How do lncRNAs regulate transcription?

Abstract

It has recently become apparent that RNA, itself the product of transcription, is a major regulator of the transcriptional process. In particular, long noncoding RNAs (lncRNAs), which are so numerous in eukaryotes, function in many cases as transcriptional regulators. These RNAs function through binding to histone-modifying complexes, to DNA binding proteins (including transcription factors), and even to RNA polymerase II. In other cases, it is the act of lncRNA transcription rather than the lncRNA product that appears to be regulatory. We review recent progress in elucidating the molecular mechanisms by which lncRNAs modulate gene expression and future opportunities in this research field.

Fig. 1. B2 RNA directly inhibits transcription.

In the absence of B2 RNA, a functional closed preinitiation complex (PIC) can assemble. (Top) This complex can melt the dsDNA duplex, forming an open preinitiation complex to promote transcription initiation. In contrast, B2 RNA directly binds to RNA Pol II in a nonfunctional closed complex. (Bottom) B2 RNA precludes Pol II from making functional DNA contacts and thereby prevents dsDNA melting and open complex formation.

Fig. 2. roX1 and roX2 RNAs are essential for the hyperactive Drosophila X chromosome.

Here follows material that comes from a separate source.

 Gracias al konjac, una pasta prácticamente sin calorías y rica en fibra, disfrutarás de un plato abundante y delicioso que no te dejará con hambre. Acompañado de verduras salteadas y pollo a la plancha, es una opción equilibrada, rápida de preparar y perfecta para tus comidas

The DCC consists of five proteins (gray) and roX1 or roX2 RNA (orange line). The MLE helicase remodels roX RNAs into a tandem stem-loop structure that is incorporated into a functional DCC. When fully assembled, this ribonucleoprotein complex is recruited to the X chromosome and acetylates Lys¹⁶ on histone 4. This PTM results in chromosome decompression and hyperactive transcription. H4K16 acetylation of the X chromosome does not occur in the absence of roX RNA transcripts.

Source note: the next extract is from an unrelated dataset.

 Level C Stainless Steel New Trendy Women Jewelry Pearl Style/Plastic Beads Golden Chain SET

Fig. 3. lncRNAs regulate transcription through histone modifiers.

PRC1 interacts with lncRNA, either TUG1 or MALAT1. These interactions regulate methylation status and localization of PRC1. PRC2 is inhibited by binding lncRNA or nascent pre-mRNA. lncRNAs Kcnq1ot1, Air, and ROR (regulator of reprogramming) regulate the activity of G9a, an enzyme that methylates H3K9. HOTTIP interacts with the WDR5-MLL complex and localizes the complex to the 5′HOXA locus. RNAPII, RNA polymerase II; MALAT1, metastasis-associated lung adenocarcinoma transcript 1.

Fig. 4. ncRNAs regulate transcription through DNA binding proteins.

lncRNAs (and sometimes miRNAs) interact with DNMTs, resulting in recruitment or inhibition of DNMTs at chromatin loci. Alteration of DNA methylation (m⁵C) level generally affects local transcription. lncRNA–transcription factor interactions can either recruit or evict transcription factors from chromatin, and this action can be either in cis (demonstrated in figure) or in trans. eRNA transcribed from an enhancer region can contribute to chromatin looping and gene activation. lncRNAs interact with the chromatin insulator CCCTC-binding factor (CTCF) and regulate transcription. The mechanism may involve CTCF’s action in chromatin looping and nuclear architecture. TSS, transcription start site.